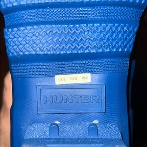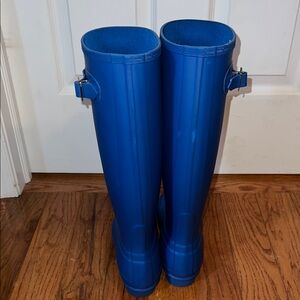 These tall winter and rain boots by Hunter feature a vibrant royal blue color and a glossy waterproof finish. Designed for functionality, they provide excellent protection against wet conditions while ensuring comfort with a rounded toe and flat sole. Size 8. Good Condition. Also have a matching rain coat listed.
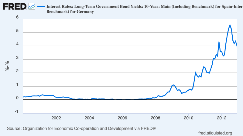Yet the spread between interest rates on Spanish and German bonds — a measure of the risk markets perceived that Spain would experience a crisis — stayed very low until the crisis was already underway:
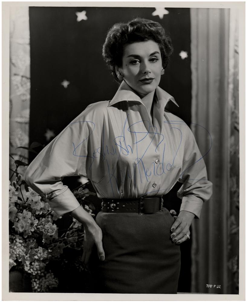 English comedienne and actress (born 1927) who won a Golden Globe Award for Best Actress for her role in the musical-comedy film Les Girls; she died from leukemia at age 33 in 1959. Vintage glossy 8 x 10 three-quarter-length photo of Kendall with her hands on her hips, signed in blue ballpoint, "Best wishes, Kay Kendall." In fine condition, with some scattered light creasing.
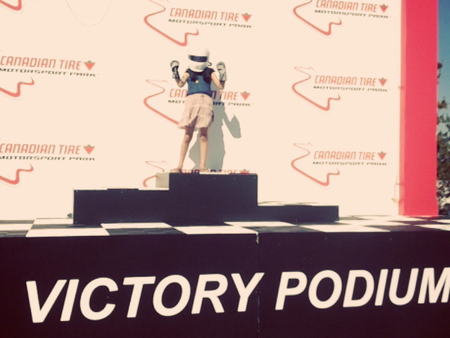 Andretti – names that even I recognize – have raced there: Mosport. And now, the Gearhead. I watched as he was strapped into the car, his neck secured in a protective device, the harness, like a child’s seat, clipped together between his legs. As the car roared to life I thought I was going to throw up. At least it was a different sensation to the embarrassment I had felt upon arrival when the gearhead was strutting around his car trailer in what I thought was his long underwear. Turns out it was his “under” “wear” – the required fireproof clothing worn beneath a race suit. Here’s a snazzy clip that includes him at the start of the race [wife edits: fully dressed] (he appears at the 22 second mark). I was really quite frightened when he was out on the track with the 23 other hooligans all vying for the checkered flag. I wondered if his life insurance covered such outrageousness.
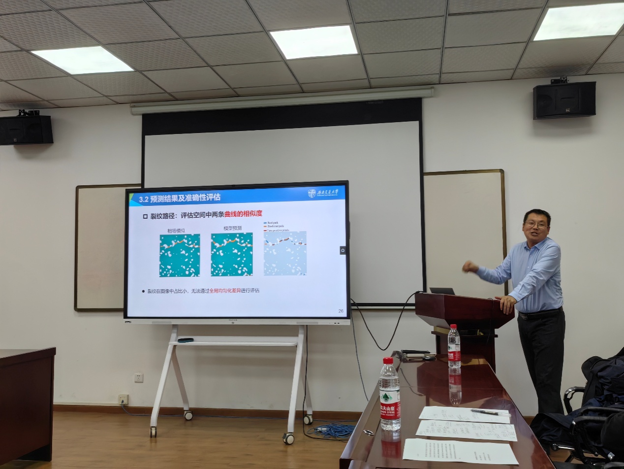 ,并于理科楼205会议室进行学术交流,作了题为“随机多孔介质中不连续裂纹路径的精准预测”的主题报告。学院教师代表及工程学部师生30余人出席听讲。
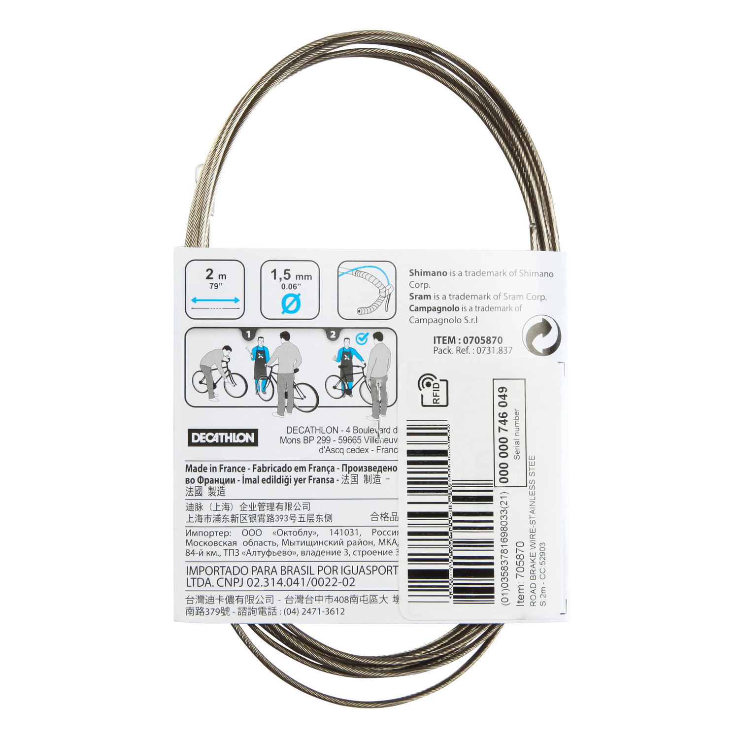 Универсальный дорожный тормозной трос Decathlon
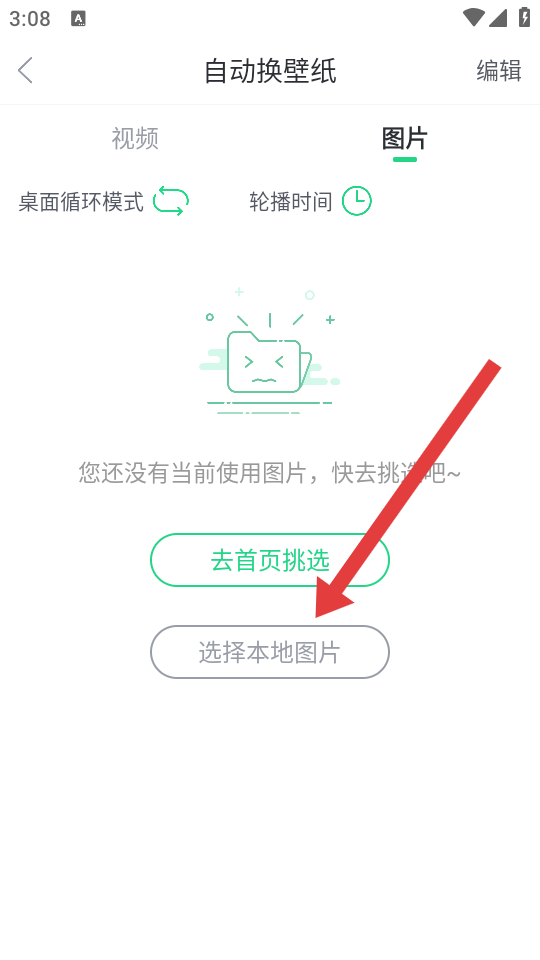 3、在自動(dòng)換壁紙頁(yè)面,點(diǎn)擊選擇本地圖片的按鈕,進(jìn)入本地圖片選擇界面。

• _Exercise details_
Extract the run of lines from the line holding "Andretti – names" through the final line of the material above, exactly and inclusively. Leave the pictures behind.

• _Answer section_
 Andretti – names that even I recognize – have raced there: Mosport. And now, the Gearhead. I watched as he was strapped into the car, his neck secured in a protective device, the harness, like a child’s seat, clipped together between his legs. As the car roared to life I thought I was going to throw up. At least it was a different sensation to the embarrassment I had felt upon arrival when the gearhead was strutting around his car trailer in what I thought was his long underwear. Turns out it was his “under” “wear” – the required fireproof clothing worn beneath a race suit. Here’s a snazzy clip that includes him at the start of the race [wife edits: fully dressed] (he appears at the 22 second mark). I was really quite frightened when he was out on the track with the 23 other hooligans all vying for the checkered flag. I wondered if his life insurance covered such outrageousness.
 ,并于理科楼205会议室进行学术交流,作了题为“随机多孔介质中不连续裂纹路径的精准预测”的主题报告。学院教师代表及工程学部师生30余人出席听讲。
 Универсальный дорожный тормозной трос Decathlon
 3、在自動(dòng)換壁紙頁(yè)面,點(diǎn)擊選擇本地圖片的按鈕,進(jìn)入本地圖片選擇界面。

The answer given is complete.